The single scarlet candle burns brightly in the corner; an “Open” sign for wayward souls.
No one remains in the darkened sanctuary except this solitary visitor, returning for a few minutes of peace before addressing the tasks at hand.
Yet I am not alone, for Our Lord is present in the holy tabernacles – the one across the room and the other inside.
Calm, peacefulness, serenity – it’s a pleasure to spend a few quiet moments alone with the Lord.
Weeks ago, however, the sanctuary was bright and filled with parishioners. We stood for many long minutes, endearing drowsiness and sore backs as we heard the words of Our Lord’s passion. Could we stay awake, unlike his disciples slumbering in Gethsemane?
As the details of his passion unfolded, I became ashamed, for I know my faults, my sins. How could another man endure the barbs and lashes, the scourges and ridicule, the pain and death from crucifixion, just to wipe clean the sins from my soul?
“I know two things very clearly,” says John Newton (Albert Finney) in the film Amazing Grace. “I am a great sinner and Christ is a great Savior.”
Newton had been the captain of a busy ship that profited from the slave trade. He sailed from Africa to the West Indies, delivering African men, women and children to markets in which they were sold like barrels of tea or six-packs of cold beer.
On filthy, disease-ridden wooden boats, these imprisoned souls endured iron shackles around their necks, wrists and ankles that kept them bent and immobile for 3-4 weeks straight, like so many Pringles in a can.
Upon completion of the voyage, after two-thirds had died and were discarded, the survivors were sold to sugar cane plantations. There they toiled under extreme conditions to produce enough “white gold” to sweeten a nobleman’s cup of tea.
The plight of these individuals, however, was not ignored by all. A new champion for their cause arose from within Parliament’s halls in William Wilberforce (Ioan Gruffudd), a politician who struggled over his future of doing the work of God or the work of a political activist.
It was humbly suggested to him by other abolitionists that he could do both.
Wilberforce also preferred to talk to God alone in secret places, marveling God’s handiwork in the intricacies of a spider’s web or in the beauty of a meadowlark’s call. Yet when in Parliament, he quickly found his voice to speak against the evils of slavery.
He proclaimed, wrote, sang and yelled over the voices trying to shout him down, stating that “all men are created equal by God” and “the inhuman practices of the slave trade are abominable crimes against our fellow man.”
Wilberforce took counsel from his minister, John Newton, the former ship captain who recanted his sins and turned to a life serving God. Haunted by the lives of 20,000 slaves who once filled his vessels, Newton documented the horrors in public documents that were submitted to Parliament, thereby adding grist to Wilberforce’s mill to grind out public support and political allegiances.
It was Newton’s conversion that led him to write the lyrics to the song “Amazing Grace,” one of the most beloved Christian hymns.

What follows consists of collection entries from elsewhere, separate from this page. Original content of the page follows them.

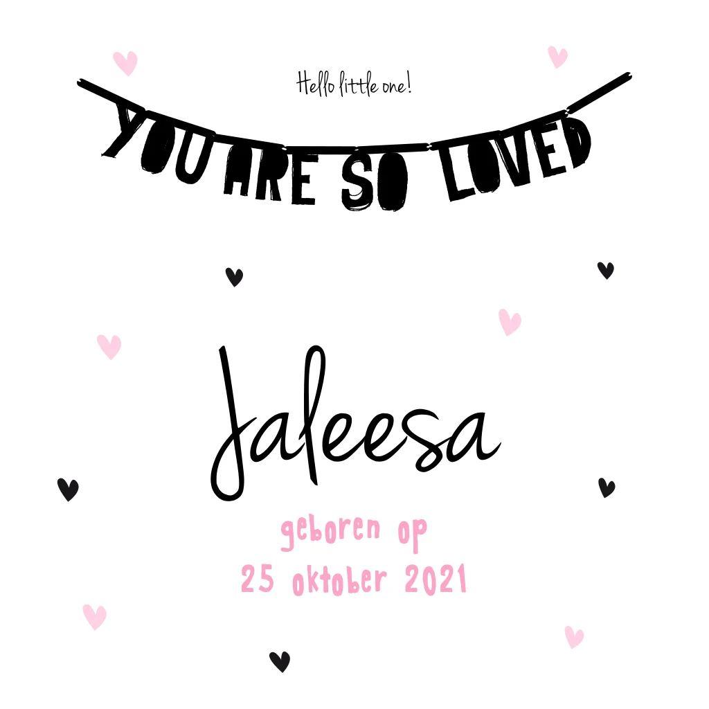 Stoer geboortekaartje voor meisje met letterbanner, zwarte en roze hartjes en speelse typografie. Dit kaartje is ook verkrijgbaar in een jongensversie.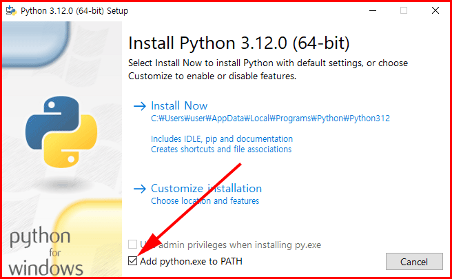 - 설치 초기 화면에서 'Install Now'를 선택하기 전에 반드시 아래에 있는 'Add Python [버전] to PATH' 옵션을 체크합니다. 이 옵션은 파이썬을 시스템의 환경 변수 PATH에 자동으로 추가해 줍니다.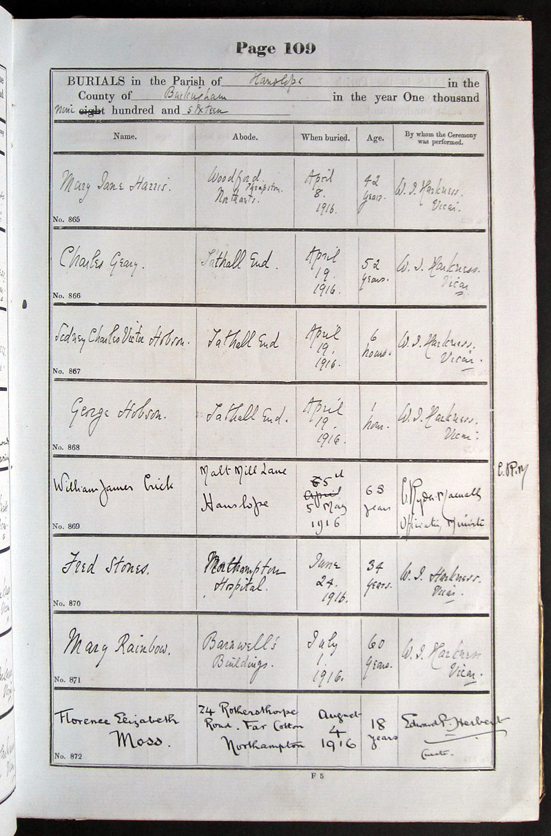 Below is a transcription and image of page 109 of the Burial register for 1878-1963 of St. James The Great, Hanslope |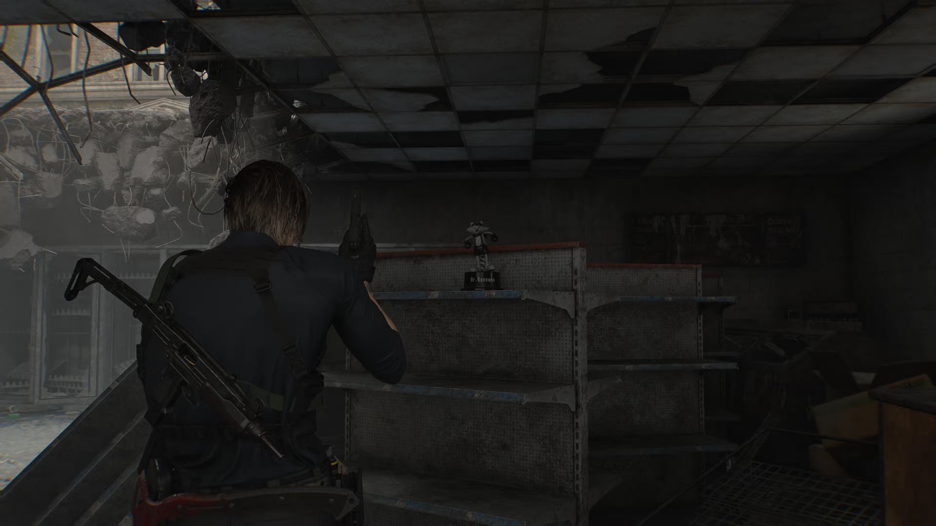 Всего в игре спрятано 25 фигурок Мистера Енота. Часть из них можно отследить с помощью специальных карт: одна находится в сейфе под медицинским центром, а другую можно приобрести в разделе дополнительного контента — она отмечает расположение статуэток уже в Раккун-Сити.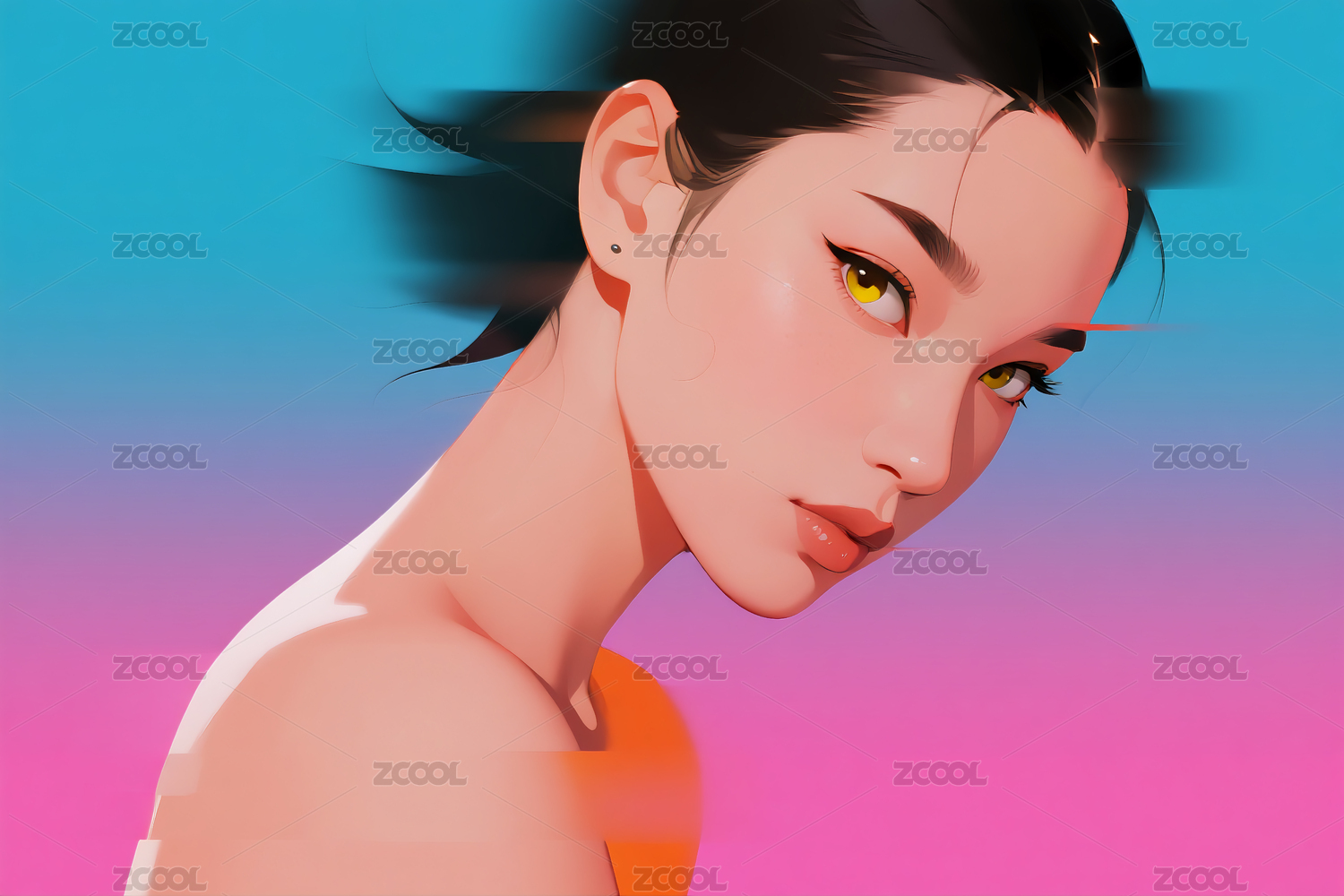 动漫,插画,卡通,人物,女性,女孩,女人,美女,人像

No longer wiling to live the wretched life of a slave merchant, blinded by the gold earned through the merchandising of human souls, he turned to God’s word for answers. In the hour he first believed, the precious grace did appear. He had already been through many dangers, toils and snares. Still, he recognized that God’s grace had kept him safe so far and grace would lead him home.

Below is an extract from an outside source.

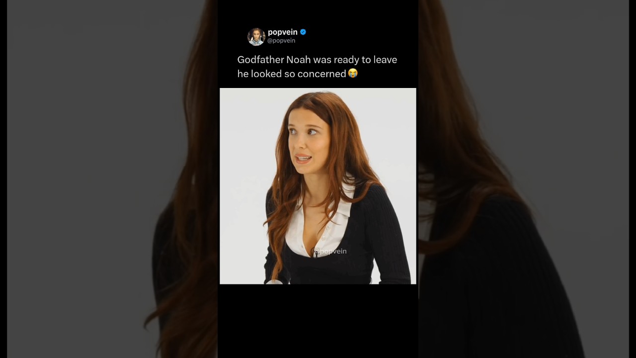 Godfather Noah schnapp looked so concerned hearing Millie bobby Brown baby’s voice 😭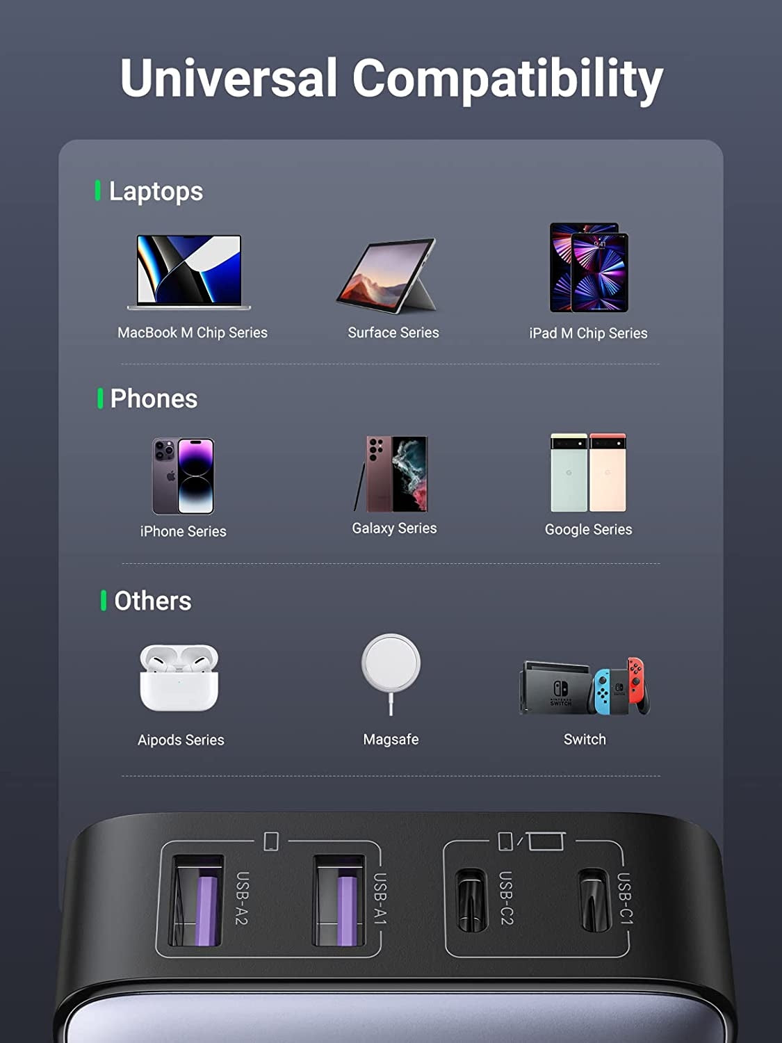 Advanced GaN & SiC chips provide improved heat dissipation. Ugreen's Thermal Guard System takes temperature readings every 0.5 seconds protecting devices from overheating.

My sanctuary is quiet, darkened at the end of the day. In the comfort of solitude, I kneel on the floor before the cross.
I confess to almighty God, and to you, my brothers and sisters, that I have sinned through my own fault, in my thoughts and in my words, in what I have done, and what I have failed to do…

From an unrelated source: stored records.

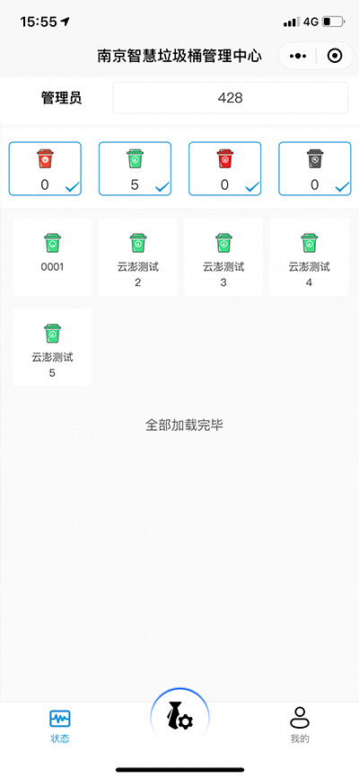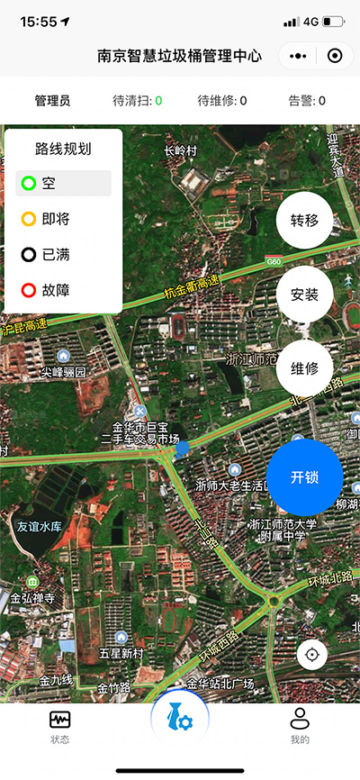 另外提供APP端根據運維人員的權限設置也可以管理和監控相應的垃圾桶。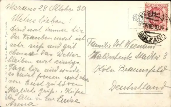 Zustand, siehe Scan, gelaufen, 1930 - ca 14 cm X 9 cm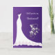 Vit bröllopsklänning, silverblommig fjäril på lila bakgrund brudtärna förfrågan kort.

Further I fall, humbly, plaintively, stretching out across the floor, my arms and legs making a cross like the one upon which he suffered.
Yet my arms do not hang in pain. They stretch out in hope to receive his grace, his amazing, saving grace, to wipe my sins away with the blood from his sacred heart.
For Easter morn has come with new life for all, bright shining as the Son. The Lord has promised good to me, his word my hope secures. And every day, though I may stumble and fall, I shall rise again, to learn from my mistakes, take strength in his suffering and devote my days to writing and singing God’s praises.